Extracted data entries:
◇ ◇ ◇ ◇

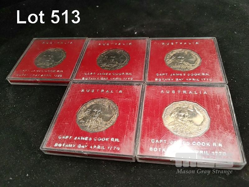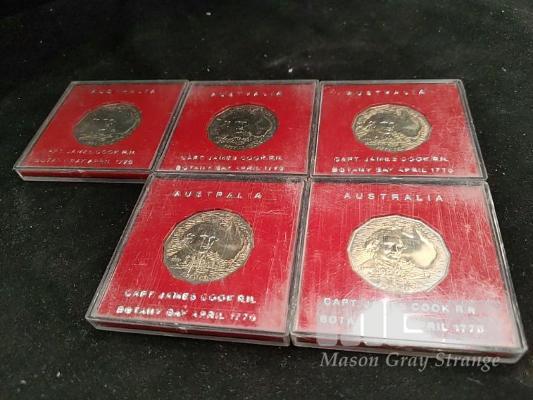 5 X CASED, AUSTRALIA, 1970, 50c COINS, CAPTAIN JAMES COOK
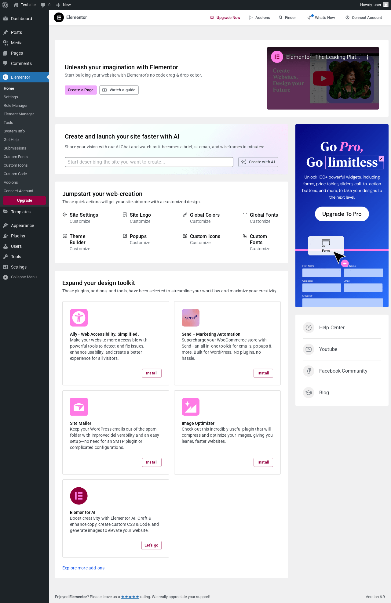 Dashboard ‹ Test site — WordPress
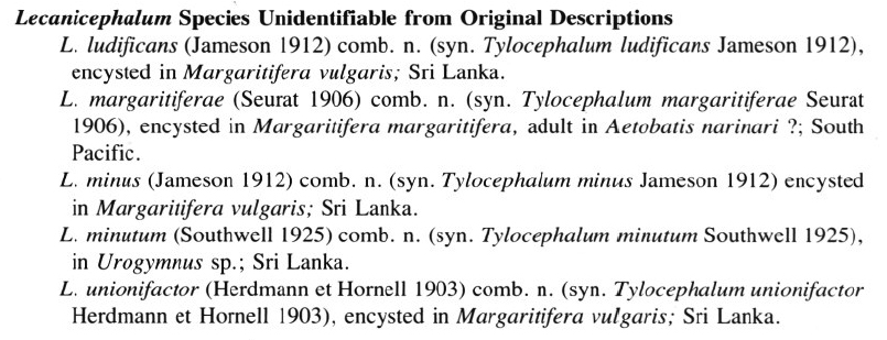 | Scientific Name Notes | This species was described for specimens identified as lecanicephalidean larvae from a pearl oyster. Jameson also described an adult worm from "Aetobatis narinari" from Shipley's material which he considered to be "in all probability the adult of this larva". This species is essentially unrecognizable based on its original description and is therefore considered a species inquirenda. |
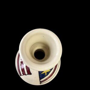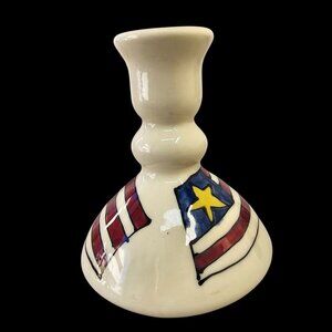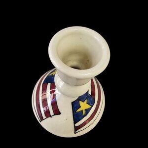 Artist Signed Hand-Painted Ceramic American Flag Candle Holder Vintage
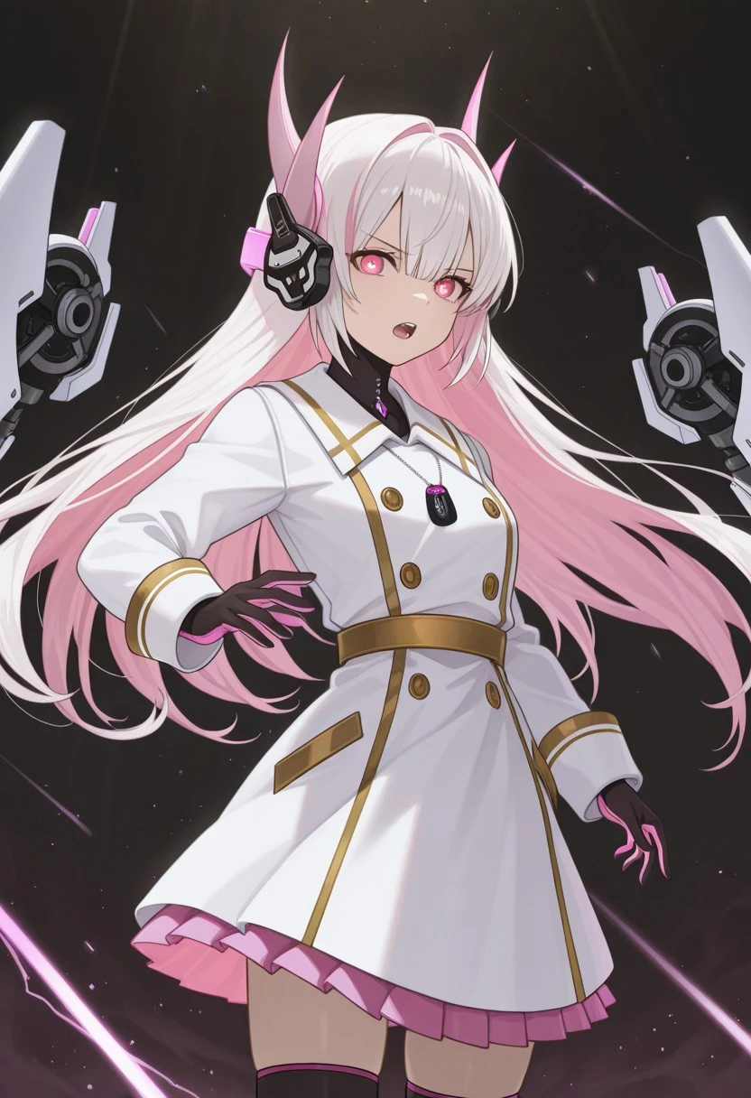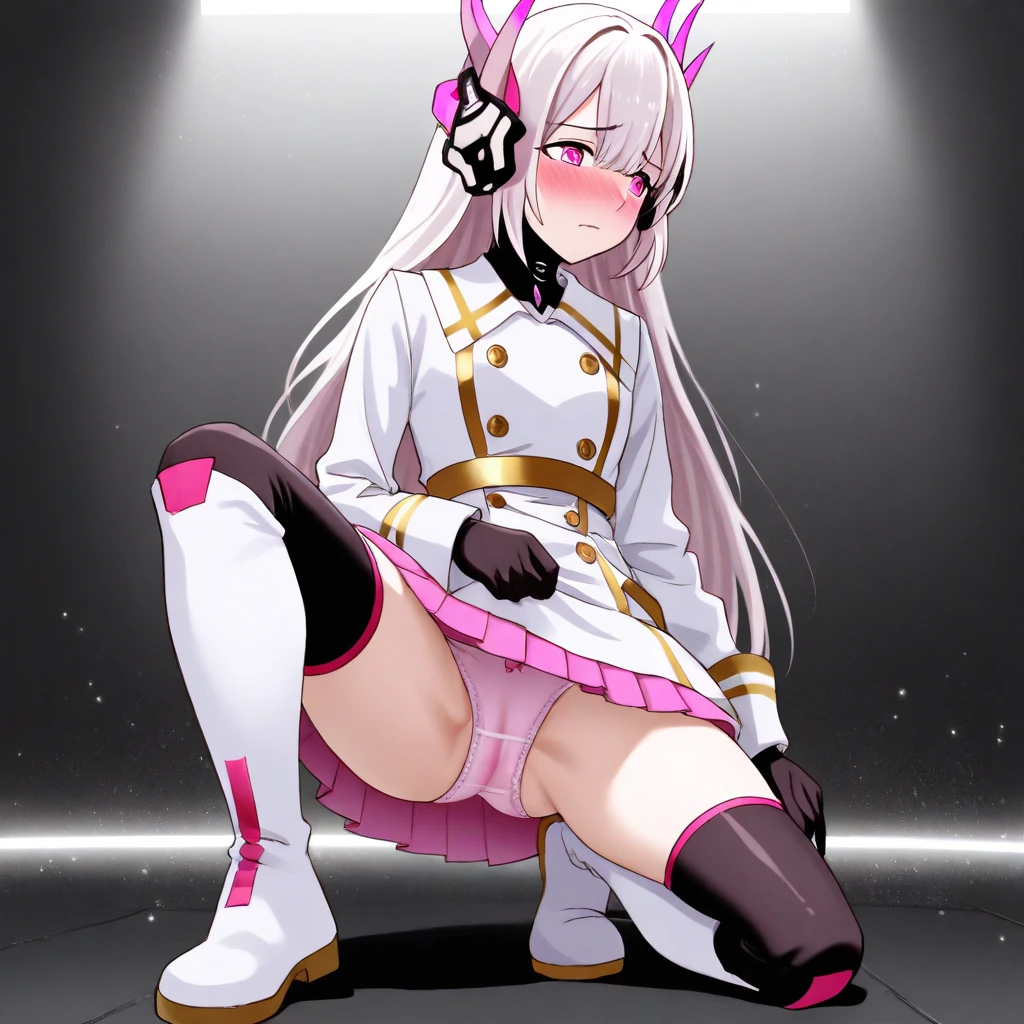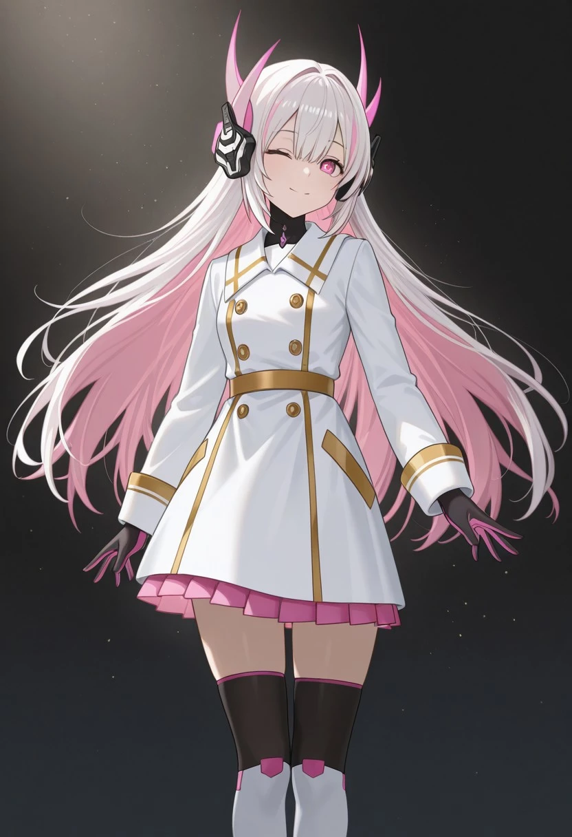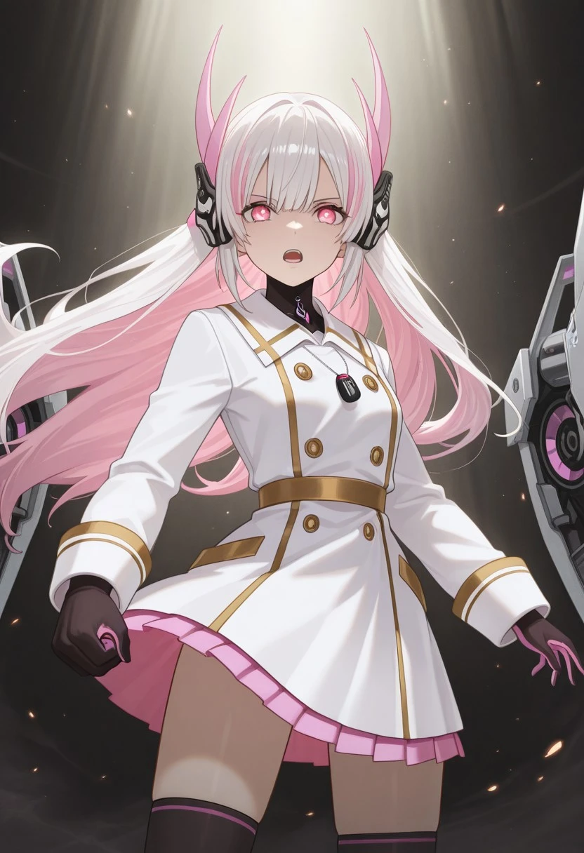 1girl, solo, LivPGR, white hair, long hair, pink eyes, black and white headphones, pink horns and headband, LivEclipsePGR, white double-breasted dress with gold trim, gold waistband, black undershirt, skirt under dress, pink pleated skirt, black gloves, black thighhighs with pink trims, white kneeboots with pink highlights, short dress, short skirt

◇ ◇ ◇ ◇

AIM OF THE TASK ->
Give the records again exactly, minus the pictures.

SOLUTION FOR THIS PROBLEM ->
 5 X CASED, AUSTRALIA, 1970, 50c COINS, CAPTAIN JAMES COOK
 Dashboard ‹ Test site — WordPress
 | Scientific Name Notes | This species was described for specimens identified as lecanicephalidean larvae from a pearl oyster. Jameson also described an adult worm from "Aetobatis narinari" from Shipley's material which he considered to be "in all probability the adult of this larva". This species is essentially unrecognizable based on its original description and is therefore considered a species inquirenda. |
 Artist Signed Hand-Painted Ceramic American Flag Candle Holder Vintage
 1girl, solo, LivPGR, white hair, long hair, pink eyes, black and white headphones, pink horns and headband, LivEclipsePGR, white double-breasted dress with gold trim, gold waistband, black undershirt, skirt under dress, pink pleated skirt, black gloves, black thighhighs with pink trims, white kneeboots with pink highlights, short dress, short skirt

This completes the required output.